Song Meaning
The lyrics immediately throw us into a peculiar standoff with fate. The speaker is passively "waiting on an invitation" for something inevitable, yet simultaneously extends a defiant, almost celebratory, call to "Come on doom, let's party." There's a palpable tension between anticipation and a strange kind of resignation.
The central emotional conflict here isn't fear, but a complex, oscillating relationship with an impending end. The speaker isn't running from "doom"; they're inviting it in, perhaps out of weariness or a desire to get it over with. The repetitive plea to "Get it over" underscores a profound exhaustion with the current state of limbo, a desperate longing for finality.
The most striking craft element is the stark contrast presented across the two verses. In Verse 1, the speaker is "waving like a teenager" and "playing like it's already over." Yet, in Verse 2, this shifts dramatically to waving like a dignified dowager and playing as if it's "gonna last forever." This creates a dizzying sense of a narrator caught between youthful eagerness and aged resignation, between fatalism and a strange, perhaps deluded, hope for endlessness, highlighting a profound internal struggle.
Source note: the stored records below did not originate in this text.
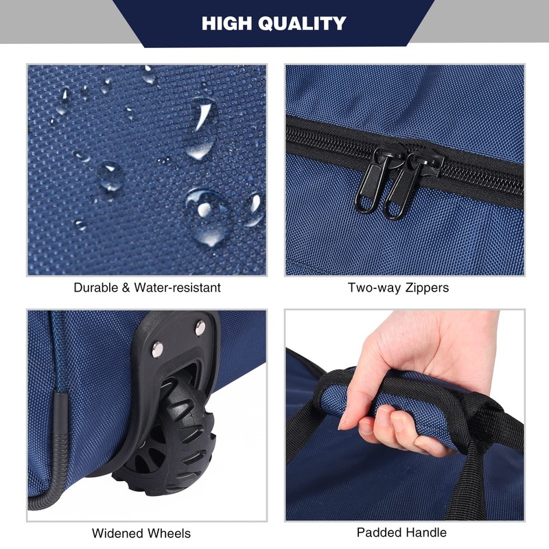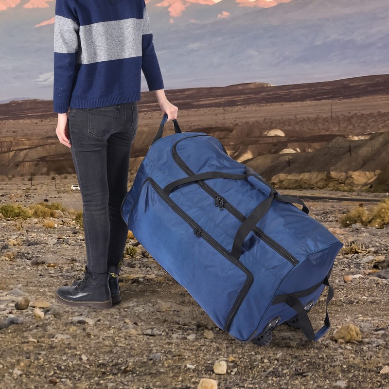 - Portable Bag: There are comfortable side carry handles for easy carrying. The duffel bag with rollers is ideal to be used as travel bag, airplane carryon, luggage, gym bag, sports bag, camping bag, storage bag.
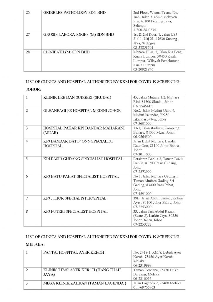 क्वालालाम्पुर र सेलाङ्गरमा कोरोना जाँच गर्नका लागि दूतावासले २८ वटा क्लिनिक तथा अस्पतालको सूची सार्वजनिक गरेको छ । यस्तै जोहर क्षेत्रका लागि आठ र मेलाका क्षेत्रका लागि तीन, नेगेरी सेम्बिलान क्षेत्रका लागि चार, पेनाङ क्षेत्रका लागि पाँच, सेर्लिस क्षेत्रका लागि क्षेत्रमा एक, पेराक क्षेत्रमा चार, सभा क्षेत्रमा चार र सारवाक क्षेत्रमा चार वटा कोरोना जाँचका लागि क्लिनिक तथा अस्पतालहरु तोकिएको छ । यसबाहेक आफूलाई पायक पर्ने ठाउँमा पनि जाँच गराउन सकिन्छ ।
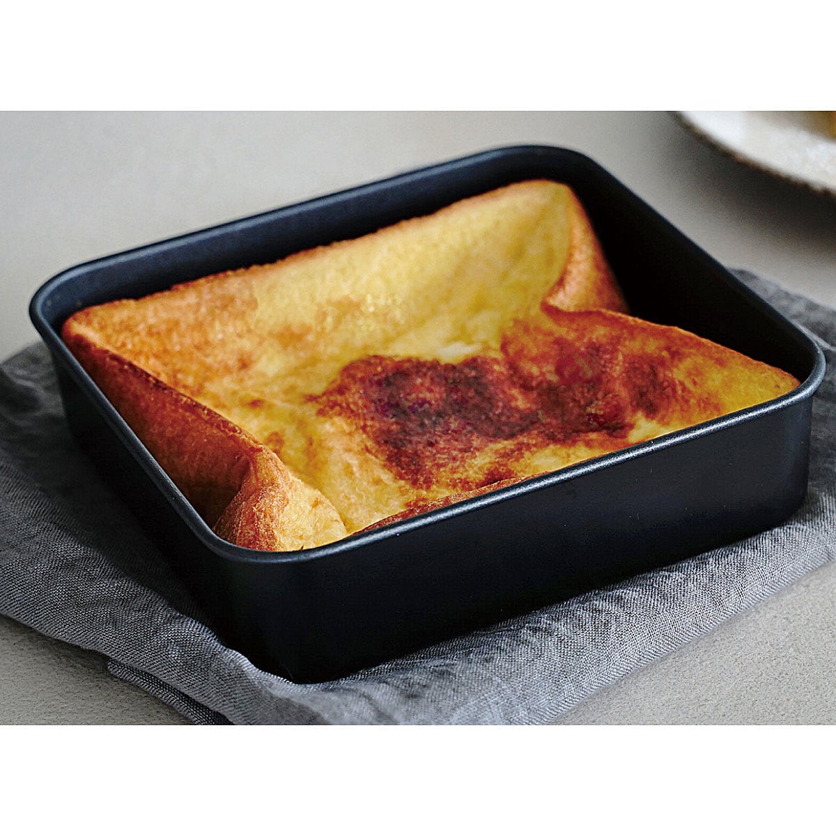 パン1枚がぴったり入るフレンチトースト作り用のバット。冷蔵庫でじっくり浸せばしっとりフワフワのフレンチトーストに。卵液を無駄なく漬け浸し、そのままトースターで調理できます。フライパン要らずで洗い物が少なく済みます。

These lyrics are effective because they don't offer easy answers. The speaker's contradictory stances – welcoming doom while also wanting it to end, or simultaneously believing it's over and will last forever – resonate with the messy reality of confronting difficult truths. The direct address to "doom" transforms an abstract concept into an almost personified entity, making the speaker's defiant invitation feel both absurd and deeply human. The relentless repetition of "Get it over" builds a hypnotic plea, capturing the agonizing wait for an inevitable conclusion.